= Description of the task =
The whole listing that follows, pictures excepted, should be printed again exactly as given.

= Information shown =
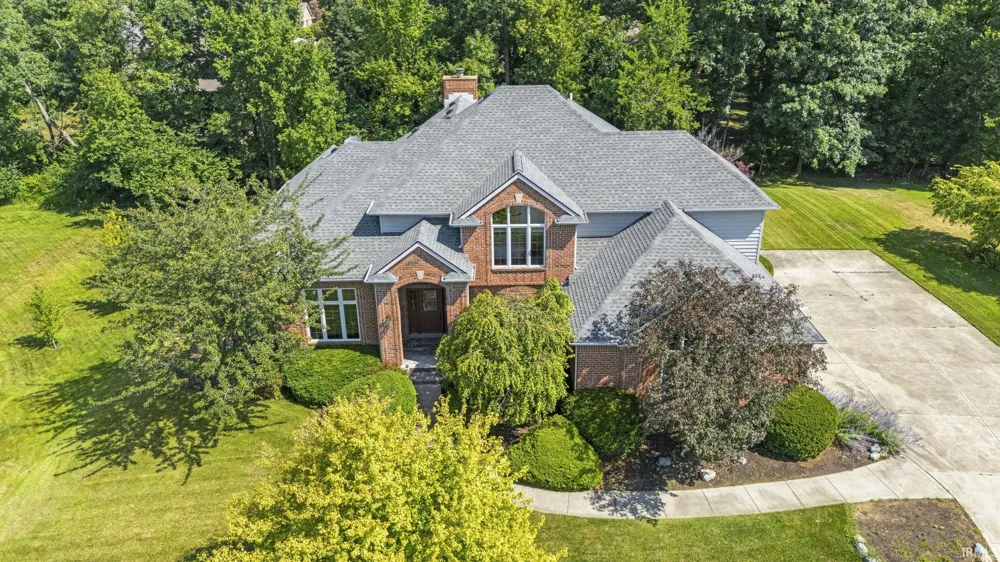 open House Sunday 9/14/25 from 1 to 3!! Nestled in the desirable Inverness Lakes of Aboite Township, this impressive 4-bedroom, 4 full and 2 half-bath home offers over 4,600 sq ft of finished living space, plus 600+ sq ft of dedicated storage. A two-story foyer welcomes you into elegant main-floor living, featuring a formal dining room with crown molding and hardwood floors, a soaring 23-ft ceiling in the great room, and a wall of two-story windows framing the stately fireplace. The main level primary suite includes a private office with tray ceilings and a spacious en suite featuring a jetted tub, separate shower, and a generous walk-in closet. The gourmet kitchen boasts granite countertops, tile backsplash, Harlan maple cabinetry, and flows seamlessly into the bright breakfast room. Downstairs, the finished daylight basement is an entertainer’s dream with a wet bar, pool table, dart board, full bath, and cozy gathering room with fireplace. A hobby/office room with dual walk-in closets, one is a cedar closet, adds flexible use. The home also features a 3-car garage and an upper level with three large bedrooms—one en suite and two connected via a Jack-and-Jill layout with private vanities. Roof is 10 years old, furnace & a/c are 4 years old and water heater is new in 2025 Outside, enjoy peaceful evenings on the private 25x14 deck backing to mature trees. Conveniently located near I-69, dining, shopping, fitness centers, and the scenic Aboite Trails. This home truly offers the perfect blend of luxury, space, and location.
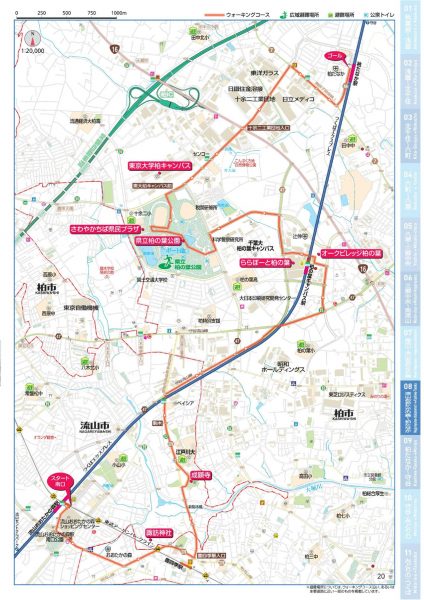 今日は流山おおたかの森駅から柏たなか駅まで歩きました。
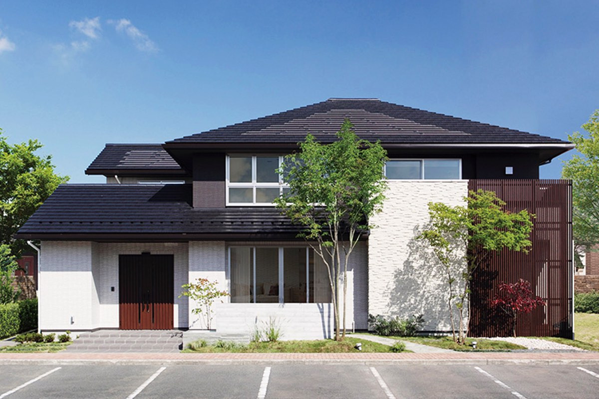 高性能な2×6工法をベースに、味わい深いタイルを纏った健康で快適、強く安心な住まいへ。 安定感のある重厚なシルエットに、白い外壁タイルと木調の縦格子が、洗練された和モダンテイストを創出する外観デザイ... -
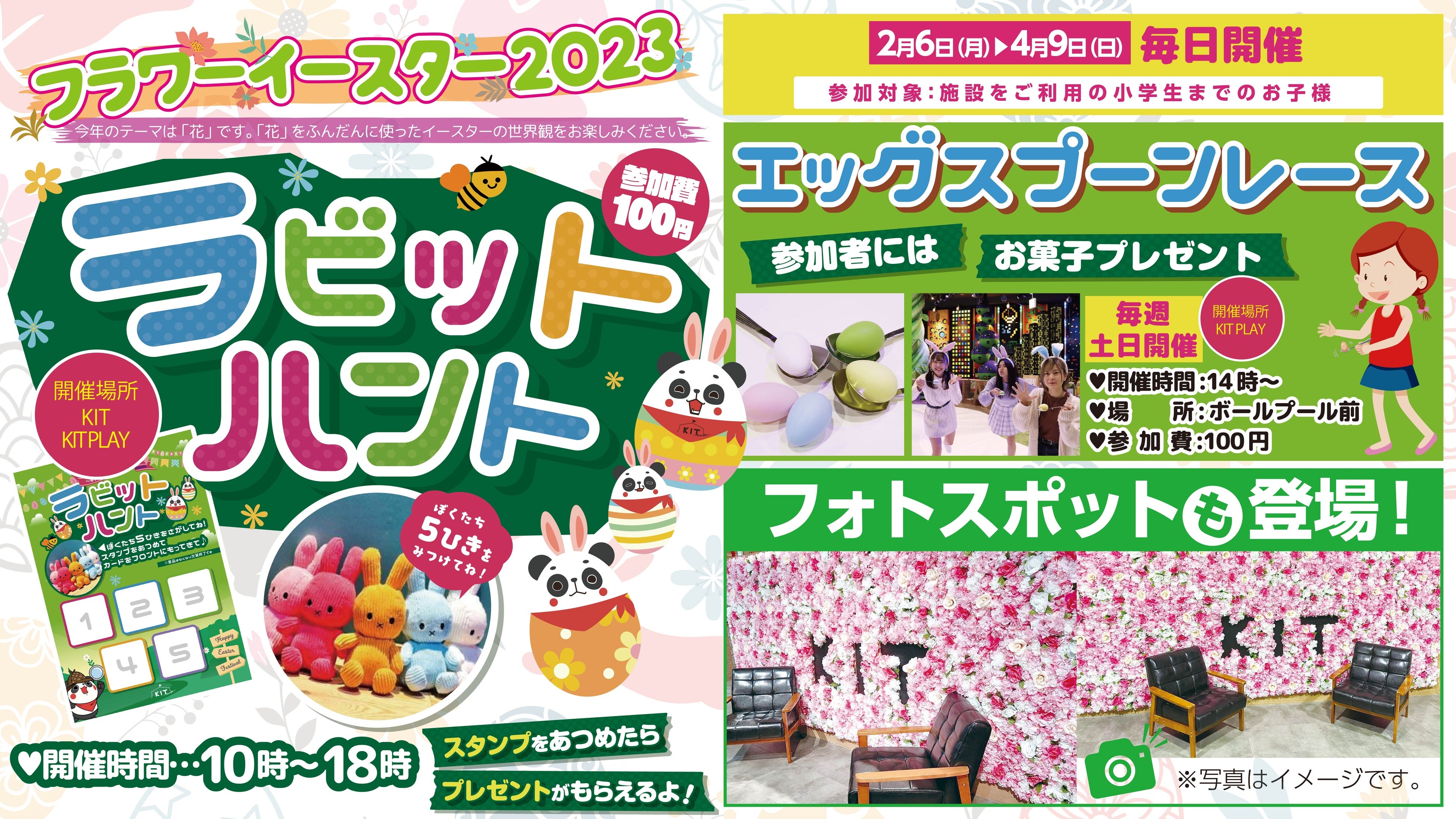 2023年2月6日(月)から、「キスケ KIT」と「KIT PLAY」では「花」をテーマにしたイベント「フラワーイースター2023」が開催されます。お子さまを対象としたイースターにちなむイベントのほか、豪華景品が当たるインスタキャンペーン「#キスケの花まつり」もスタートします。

= Completed task =
 open House Sunday 9/14/25 from 1 to 3!! Nestled in the desirable Inverness Lakes of Aboite Township, this impressive 4-bedroom, 4 full and 2 half-bath home offers over 4,600 sq ft of finished living space, plus 600+ sq ft of dedicated storage. A two-story foyer welcomes you into elegant main-floor living, featuring a formal dining room with crown molding and hardwood floors, a soaring 23-ft ceiling in the great room, and a wall of two-story windows framing the stately fireplace. The main level primary suite includes a private office with tray ceilings and a spacious en suite featuring a jetted tub, separate shower, and a generous walk-in closet. The gourmet kitchen boasts granite countertops, tile backsplash, Harlan maple cabinetry, and flows seamlessly into the bright breakfast room. Downstairs, the finished daylight basement is an entertainer’s dream with a wet bar, pool table, dart board, full bath, and cozy gathering room with fireplace. A hobby/office room with dual walk-in closets, one is a cedar closet, adds flexible use. The home also features a 3-car garage and an upper level with three large bedrooms—one en suite and two connected via a Jack-and-Jill layout with private vanities. Roof is 10 years old, furnace & a/c are 4 years old and water heater is new in 2025 Outside, enjoy peaceful evenings on the private 25x14 deck backing to mature trees. Conveniently located near I-69, dining, shopping, fitness centers, and the scenic Aboite Trails. This home truly offers the perfect blend of luxury, space, and location.
 今日は流山おおたかの森駅から柏たなか駅まで歩きました。
 高性能な2×6工法をベースに、味わい深いタイルを纏った健康で快適、強く安心な住まいへ。 安定感のある重厚なシルエットに、白い外壁タイルと木調の縦格子が、洗練された和モダンテイストを創出する外観デザイ... -
 2023年2月6日(月)から、「キスケ KIT」と「KIT PLAY」では「花」をテーマにしたイベント「フラワーイースター2023」が開催されます。お子さまを対象としたイースターにちなむイベントのほか、豪華景品が当たるインスタキャンペーン「#キスケの花まつり」もスタートします。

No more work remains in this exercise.